_Your assignment_.
The answer must be only the lines below from the one holding "Зарисовка к произведению" down to the one holding "Fontaine à punch", ends included, printed exactly; please omit all pictures.

_Data to process_.
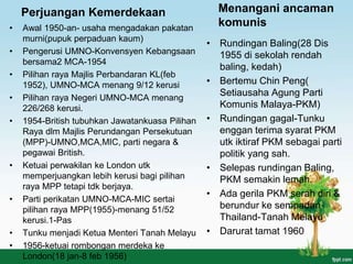 Menamatkan ancaman komunis di Tanah Melayu iaitu pada 8 Disember 1941. Bincangkan 4 sumbangan Tunku Abdul Rahman Putra Al-Haj sebagai Perdana Menteri Pertama Malaysia. Sumbangan pertama beliau ialah untuk memupuk kerjasama di antara kaum dan dalam masa yang sama menjaga keutuhan bangsa Melayu seperti hak-hak istimewa bagi orang-orang Melayu penerimaan Bahasa Melayu sebagai Bahasa Kebangsaan dan asas dasar pelajaran.
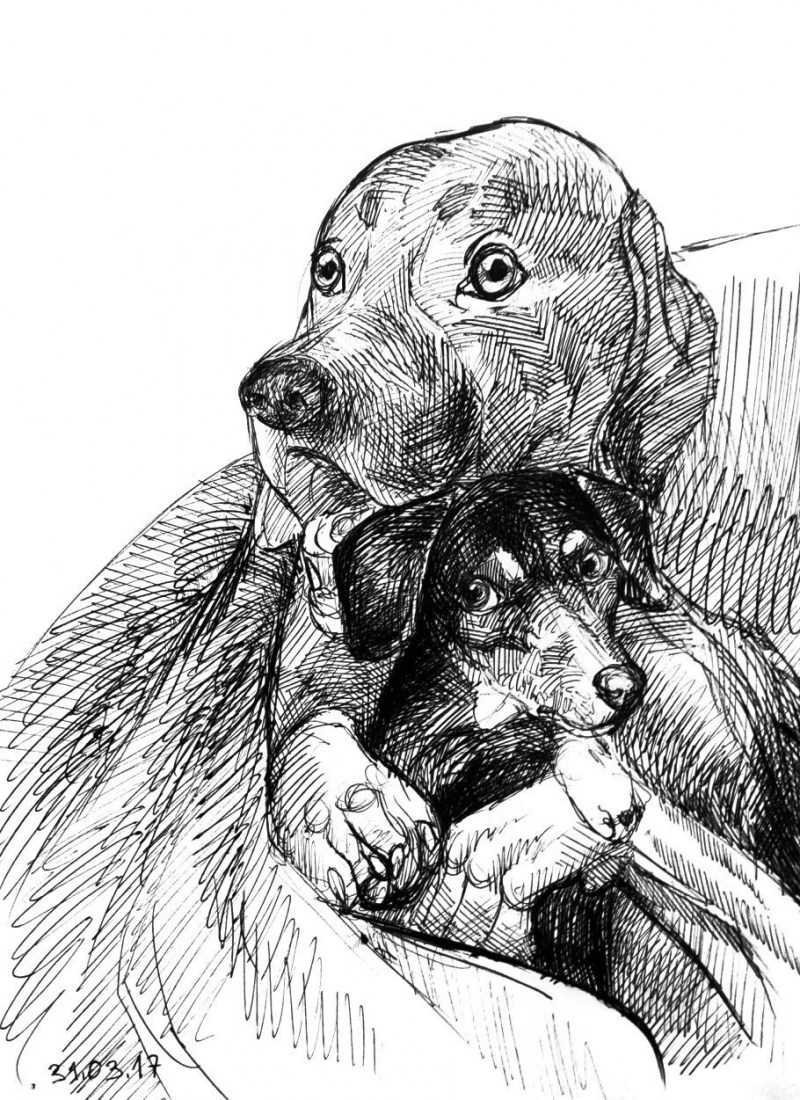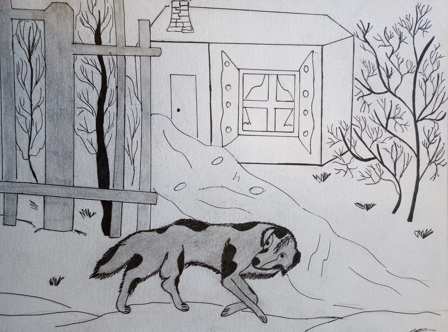 Зарисовка к произведению Барбос и Жулька нарисовать поэтапно
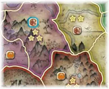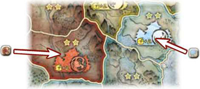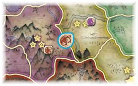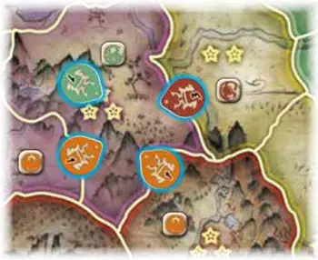 ![]() Unicorn attacks Crab. Crab defends his province by placing a combat token in its center. |
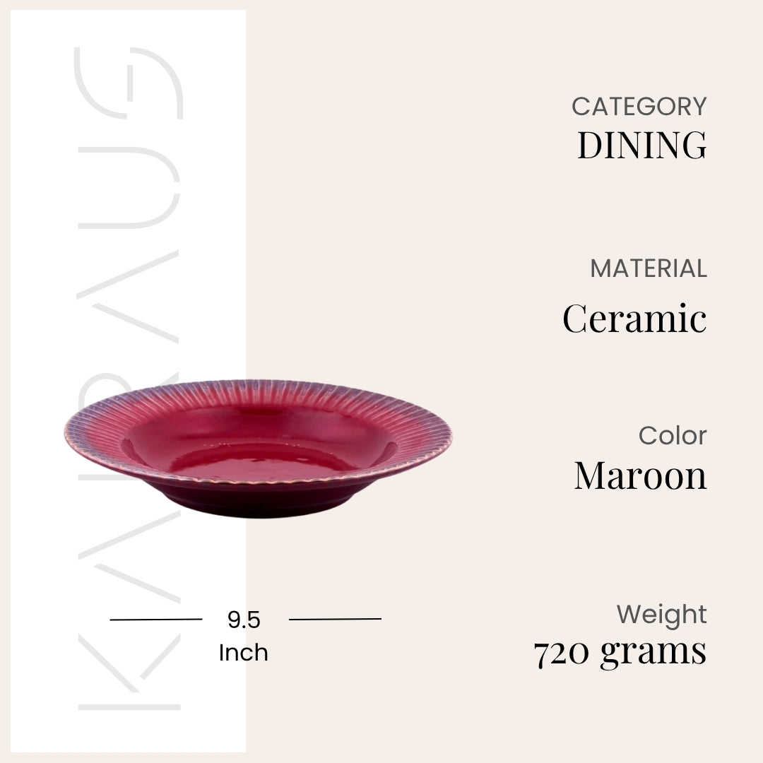 Majestic Maroon Ceramic Pasta Plates Set of 2 (9.5 inch)
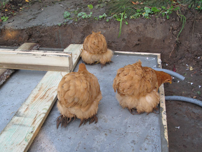 Wenn man von den Baustellen absieht... :PHier sind die Hühner bei der Inspektion eines Fundaments.Schöne Hühner in einem schönen Garten!
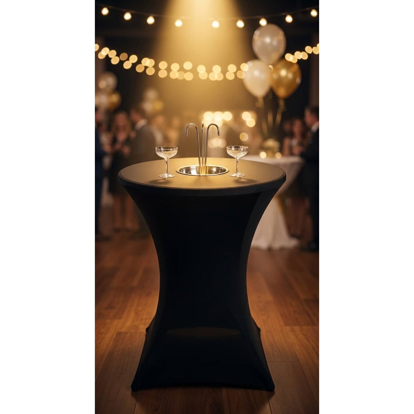 Fontaine à punch d’une capacité de 60L avec un Mange debout de 80cm de diamètre et 110cm de haut.
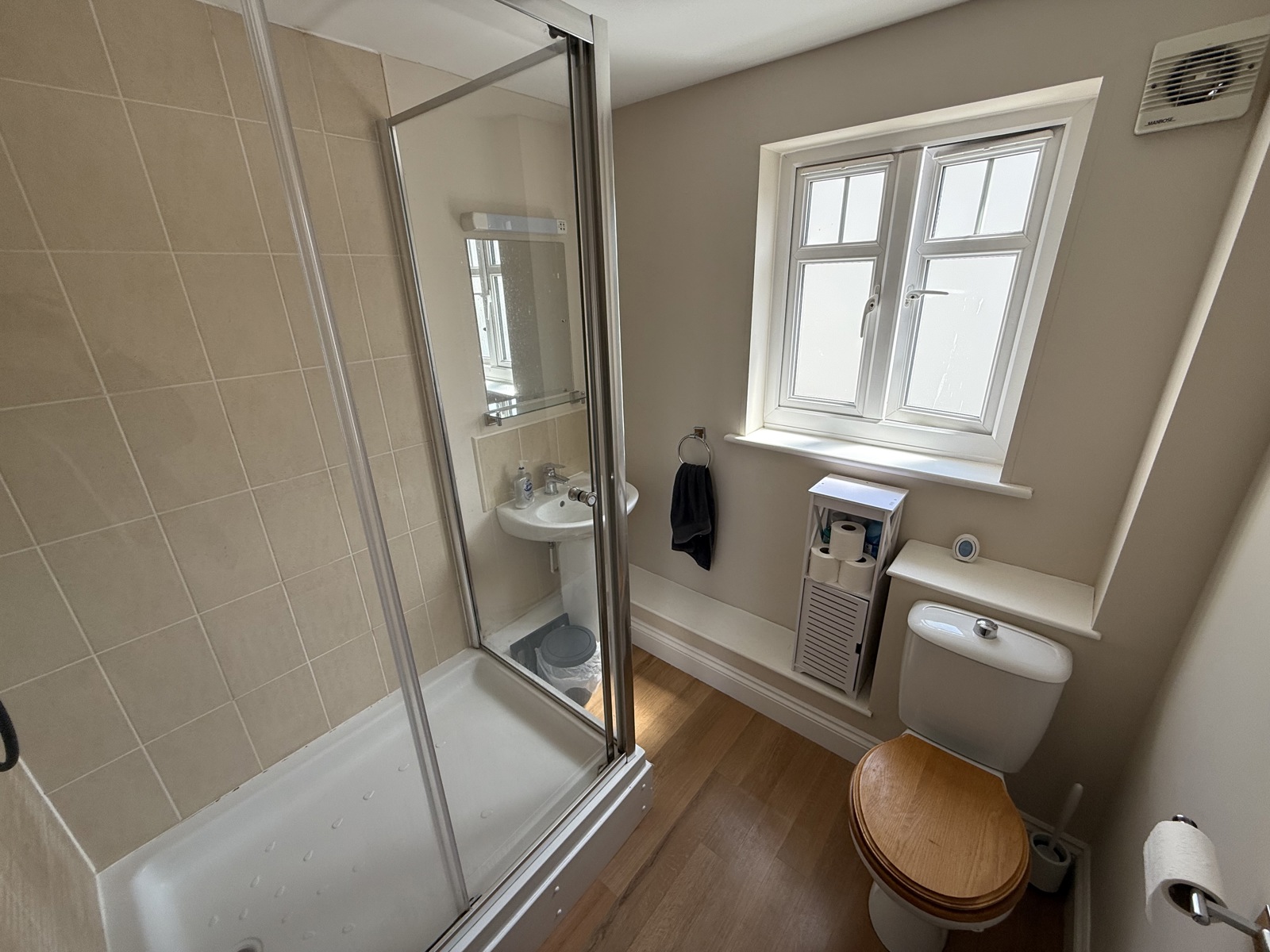 Shower, WC, basin, lino flooring, radiator, light fitting with frosted double glazed window to the side of the property.
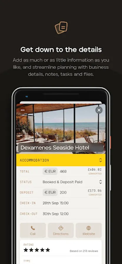 Attach tickets, booking confirmations and other useful information to your itinerary for easy access.
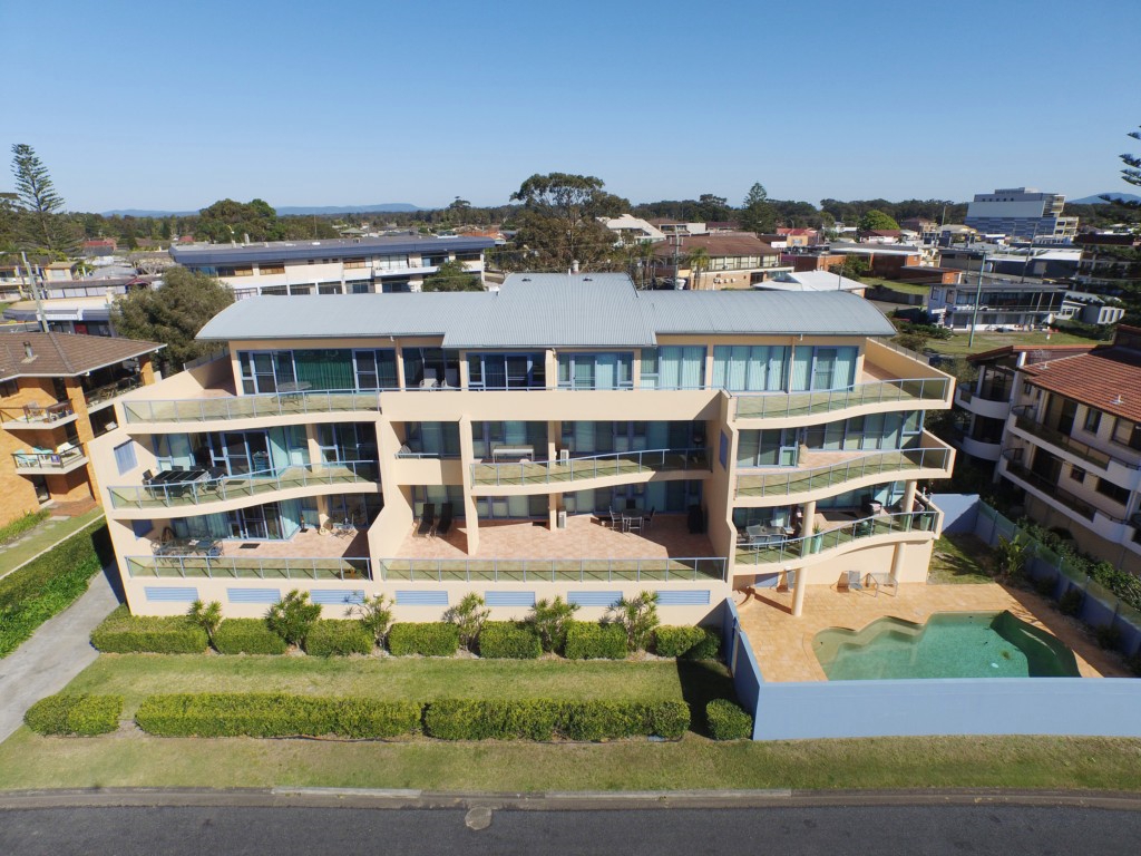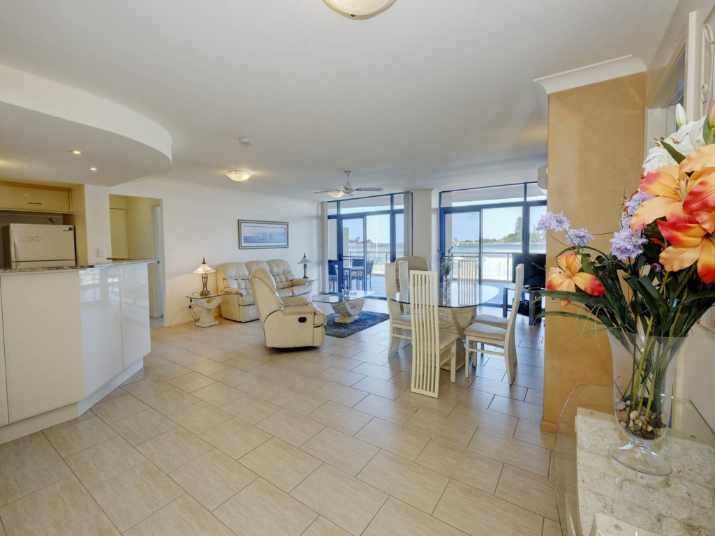 SOLAIRE Unit 2- Luxury 2 bedroom apartment on the 1st floor, security building in Wharf St, Tuncurry - walk to the shops, theatre, club, lake and beaches. Features:- Waterviews from all living areas & bedrooms. Well appointed modern open plan kitchen with marble benchtops, dishwasher and microwave. Spacious tiled, air conditioned lounge/dining area with TV, DVD, VCR & ducted vacuum system. Large master bedroom with queen bed, ensuite ( SPA bath, shower, toilet and vanity) ceiling fan, airconditioner & walk in robe. 2nd bedroom has 2 single beds & ceiling fan. The huge balcony is perfect for entertaining. The complex has a lift and swimming pool. All you could want for a relaxing family holiday. No linen supplied $300 security deposit. NO LESS THAN 3 DAY BOOKINGS OR 1 WEEK IN PEAK SEASON, SHORT BOOKINGS IN WINTER MUST PAY FULL WEEK www.ljhforster.com.au
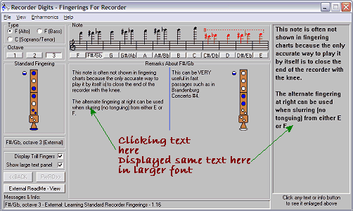 I felt that such a capability was desirable because with todays high resolution monitors, the text used in Recorder Digits can be very small and hard to read. This Large Text Panel gives the user an ability to view text in a larger font for easier reading, merely by clicking an Info button or clicking some descriptive text, while maintaining compatibility with lower-res monitors.
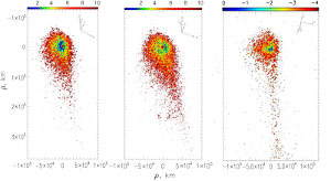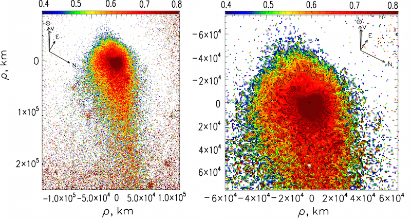Радиальные профили поверхностной яркости значительно различаются для комы, струй и хвоста. Эти результаты говорят о неизотропном выбросе пылевых частиц, как со всей поверхности ядра, так и из локальных областей на ядре. Цвет пыли в структурах, а также в хвосте заметно краснее, чем окружающая кома, что связано с наличием крупных частиц или/и частиц разного состава, богатых органическими веществами. Резкое уменьшение яркости на больших расстояниях от кометного ядра, также подтверждает наши результаты о наличии в кометной коме больших медленно движущихся частиц. Анализ карты цвета указывает на сосредоточение крупной пыли вблизи ядра, а также доминирование малых быстродвижущихся пылинок на периферии кометной комы.
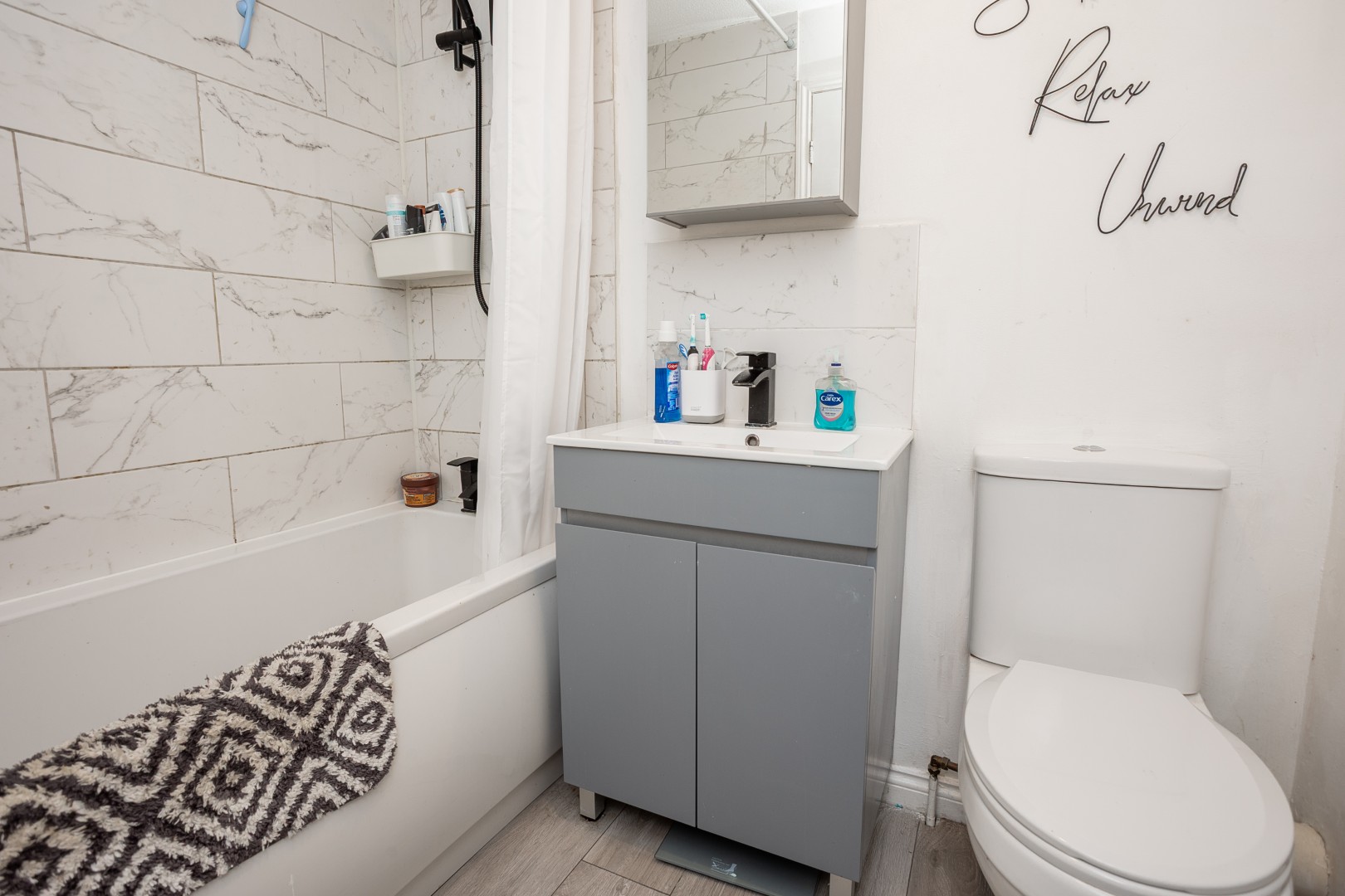 The family bathroom has been thoughtfully refitted to feature a contemporary suite comprising a bathtub with a shower over, a WC, and a wash hand basin with a vanity cupboard. The space is finished with elegant marble effect tiling and oak-effect flooring, enhancing its modern aesthetic and functionality.
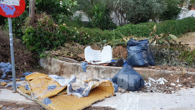 Τα διαφόρων ειδών σκουπίδια, όπως κλαδιά-μπάζα- έπιπλα κλπ, παραμένουν για εβδομάδες στα πεζοδρόμια,  χωρίς να τα μαζεύει ο δήμος, παρόλο που έχει ειδοποιήσεις από πολίτες.
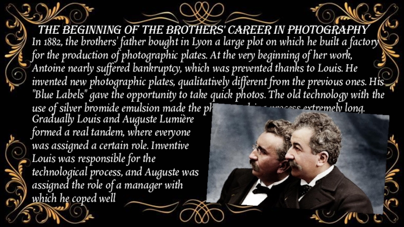 Gradually Louis and Auguste Lumière formed a real tandem, where everyone was assigned a certain role. Inventive Louis was responsible for the technological process, and Auguste was assigned the role of a manager with which he coped well
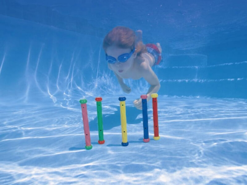 Merülj le a medence aljára, hozd fel a botokat! A Búvár bot 5 darabos készlet színes, a víznél nehezebb rudakat tartalmaz, amik lesüllyednek a medence mélyére. A játék lényege, hogy a gyerekeknek meg kell találniuk a víz mélyén heverő búvár botokat, majd le kell úszni értük, és fel kell hozni a medence partjára. A Búvár bot 5 darabos készlet segít elsajátítani az úszás közbeni helyes légzést, illetve a víz alatti úszást is. Csomagolás méretei: 17 x 3 x 30 cm.
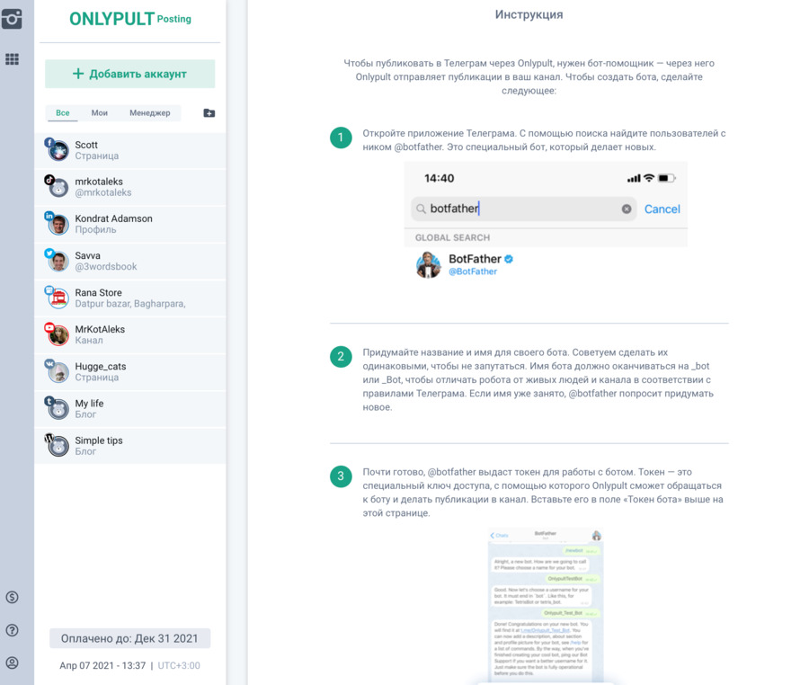 - Если вы не знаете, где взять токен и ссылку, ниже есть подробная инструкция по добавлению канала.
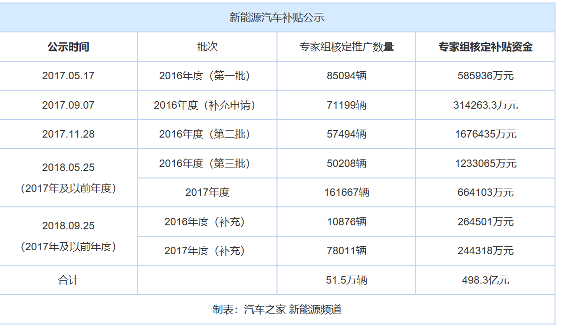 2016-2017年補貼,包括最新于9月25日公示的這批在內(nèi),工信部累計已經(jīng)發(fā)布5批,涉及新能源汽車51.5萬輛,補貼金額高達498.3億元。再加上地方補貼,新能源汽車的補貼累計發(fā)放超過千億元。(文/汽車之家 章漣漪)
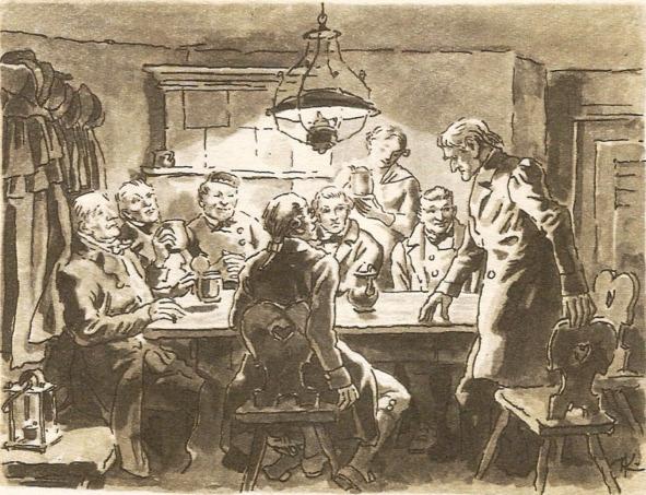 И «слепой молодец» с укором взглянул своим единственным глазом сначала на ратмана, потом на писаря и, пожелав всем доброй ночи, быстро вышел из трактира.

_Exercise solution_.
 Зарисовка к произведению Барбос и Жулька нарисовать поэтапно
 ![]() Unicorn attacks Crab. Crab defends his province by placing a combat token in its center. |
 Majestic Maroon Ceramic Pasta Plates Set of 2 (9.5 inch)
 Wenn man von den Baustellen absieht... :PHier sind die Hühner bei der Inspektion eines Fundaments.Schöne Hühner in einem schönen Garten!
 Fontaine à punch d’une capacité de 60L avec un Mange debout de 80cm de diamètre et 110cm de haut.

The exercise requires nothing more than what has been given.